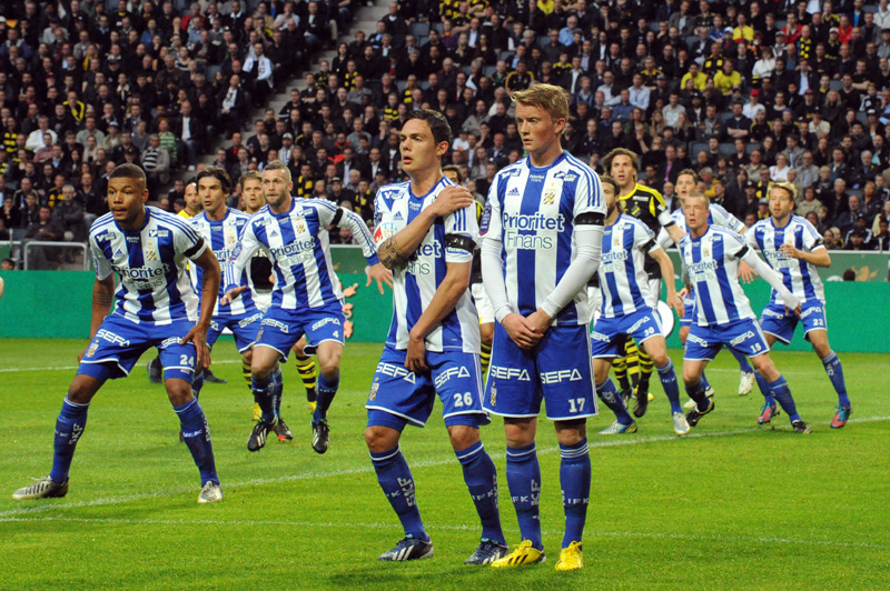 Players during the Fotbollsallsvenskan game AIK-IFK Göteborg (3-1) at the Friends Arena in Solna, Sweden on 6 May 2013.
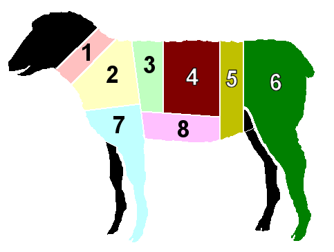 Traditional British cuts of Lamb: 1. Scrag end (of Neck) 2. Middle neck 3. Best end (of neck) 4. Loin 5. Chump (and chump chops) 6. Leg 7. Shoulder 8. Breast.
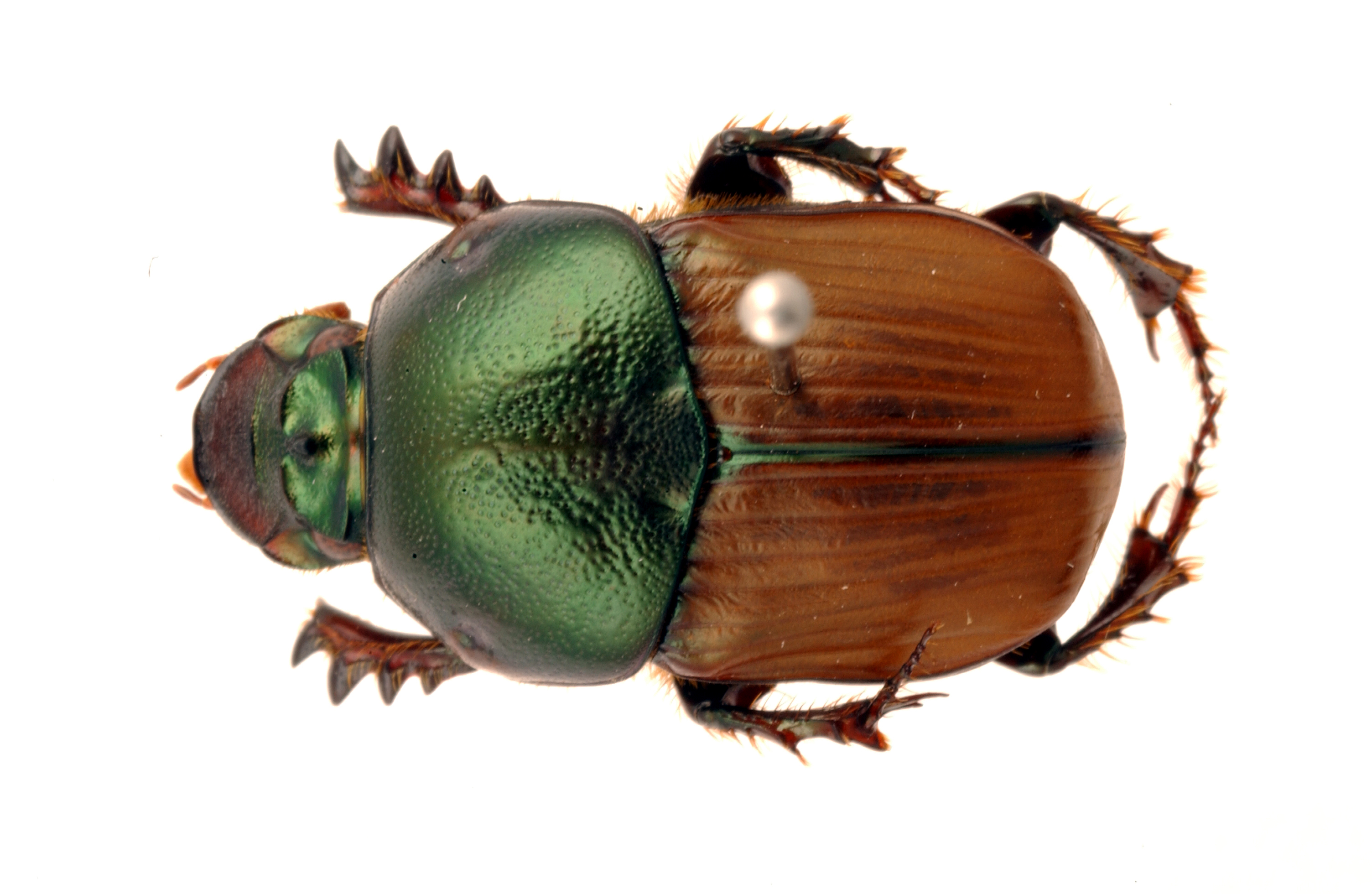 Introduced dung beetle in Australia. Native across much of Africa, south of the Sahara, and southern Europe. Established in most Australian states and territories, except Tasmania.
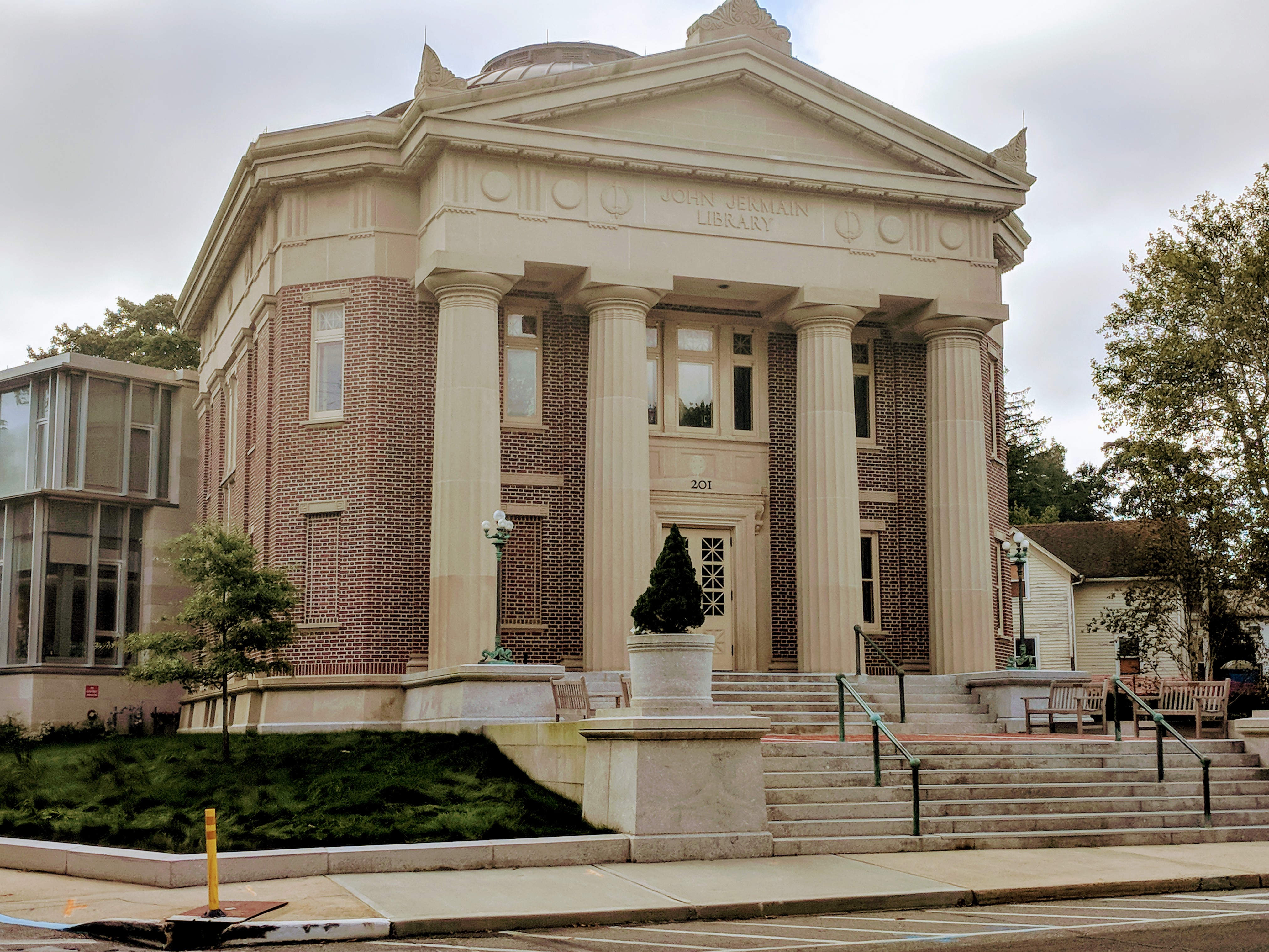 Front entrance of the John Jermain Library on Main st and Union st in Sag Harbor
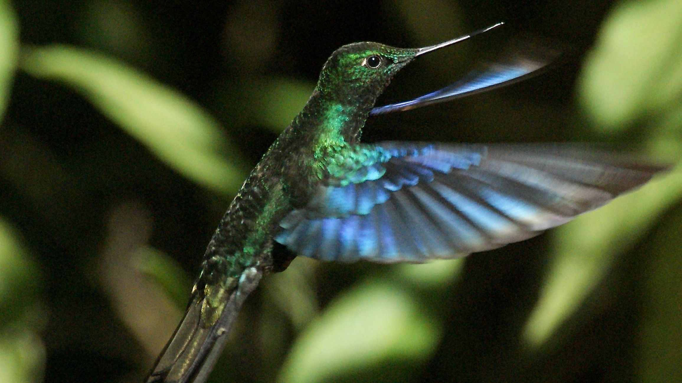 Great Sapphirewing (Pterophanes cyanopterus), Ecuador
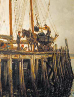 ‘Unloading coal at a wood jetty – Holy Island’ by Ralph Headly
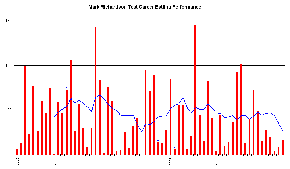 This graph details the Test Match performance of Mark Richardson. It was created by Raven4x4x. The red bars indicate the player's test match innings, while the blue line shows the average of the ten most recent innings at that point. Note that this average cannot be calculated for the first nine innings. The blue dots indicate innings in which Mark Richardson finished not-out. This graph was generated with Microsoft Excel 2002, using data from Cricinfo [1] and Howstat [2].
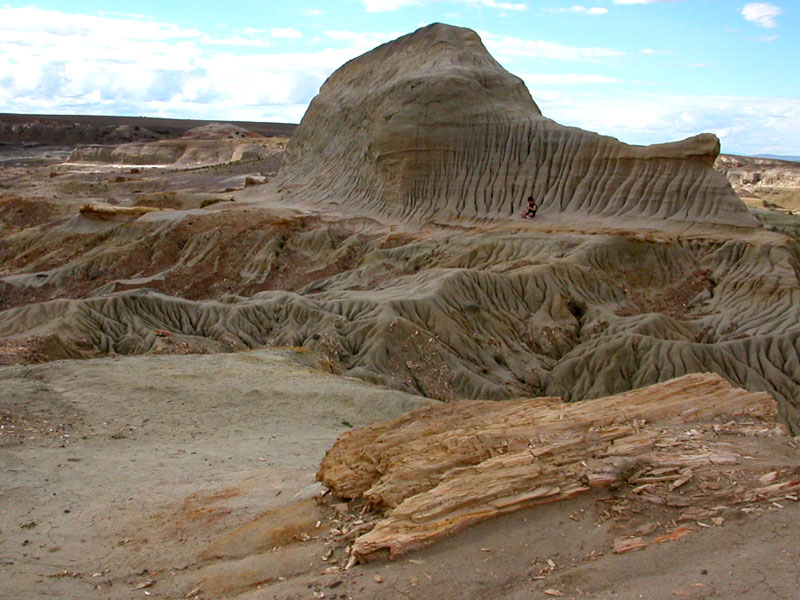 Petrified wood from the Cretaceous-Paleogene of Chubut, Argentina
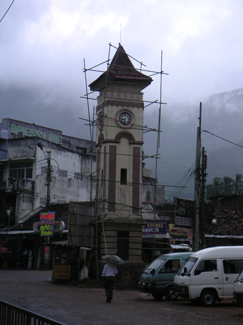 This is the Matale Clock Tower Which is located in the heart of the City Matale, Sri Lanka. Photo: Soman

What to work on :: Leaving out the pictures, restate each line of the listing above verbatim, from the opening line to the line bearing "by Ralph Headly", inclusive, and no more.

Answer for this exercise ::
 Players during the Fotbollsallsvenskan game AIK-IFK Göteborg (3-1) at the Friends Arena in Solna, Sweden on 6 May 2013.
 Traditional British cuts of Lamb: 1. Scrag end (of Neck) 2. Middle neck 3. Best end (of neck) 4. Loin 5. Chump (and chump chops) 6. Leg 7. Shoulder 8. Breast.
 Introduced dung beetle in Australia. Native across much of Africa, south of the Sahara, and southern Europe. Established in most Australian states and territories, except Tasmania.
 Front entrance of the John Jermain Library on Main st and Union st in Sag Harbor
 Great Sapphirewing (Pterophanes cyanopterus), Ecuador
 ‘Unloading coal at a wood jetty – Holy Island’ by Ralph Headly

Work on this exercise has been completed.